Cryptography and Communications ( IF 1.4 ) Pub Date : 2020-10-13 , DOI: 10.1007/s12095-020-00461-z Refia Aksoy , Fatma Çalışkan
In this study we consider Euclidean and Hermitian self-dual codes over the direct product ring \(\mathbb {F}_{2} \times (\mathbb {F}_{2}+v\mathbb {F}_{2})\) where v2 = v. We obtain some theoretical outcomes about self-dual codes via the generator matrices of free linear codes over \(\mathbb {F}_{2} \times (\mathbb {F}_{2}+v\mathbb {F}_{2})\). Also, we obtain upper bounds on the minimum distance of linear codes for both the Lee distance and the Gray distance.
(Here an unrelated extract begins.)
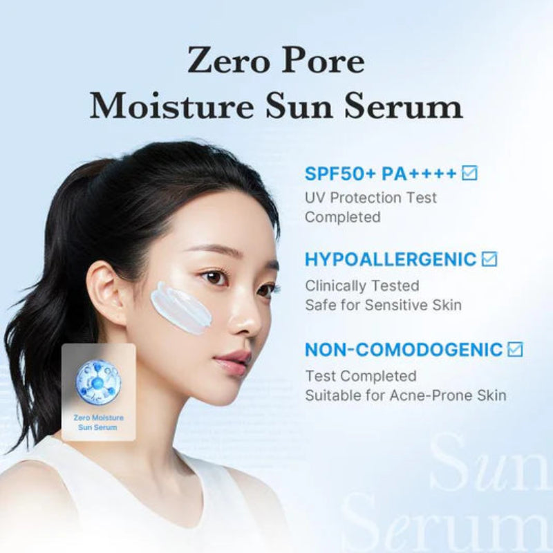 Medicube Zero Pore Moisture Sun Serum SPF50+ PA++++ is an ultra-light daily sunscreen–serum hybrid that protects, hydrates, and helps keep pores clear. Powered by 10 types of Hyaluronic Acid with Panthenol & Allantoin, it layers seamlessly under makeup with a fresh, no-white-cast finish — ideal for Pakistan’s hot, humid weather.

Moreover, we find some free Euclidean and free Hermitian self-dual codes over \(\mathbb {F}_{2} \times (\mathbb {F}_{2}+v\mathbb {F}_{2})\) via some useful construction methods.
中文翻译:
F 2×(F 2 + v F 2)$ \ mathbb {F} _ {2} \ times(\ mathbb {F} _ {2} + v \ mathbb {F} _ {{2}) $
在这项研究中,我们考虑直接乘积环\(\ mathbb {F} _ {2} \ times(\ mathbb {F} _ {2} + v \ mathbb {F} _ {2 })\)其中v 2 = v。我们通过\(\ mathbb {F} _ {2} \ times(\ mathbb {F} _ {2} + v \ mathbb {F} _ {2})\)。同样,对于李距离和格雷距离,我们都获得了线性编码最小距离的上限。而且,我们在\(\ mathbb {F} _ {2} \ times(\ mathbb {F} _ {2} + v \ mathbb {F} _ {{2})上找到一些免费的欧几里得和厄米自对偶代码\)通过一些有用的构造方法。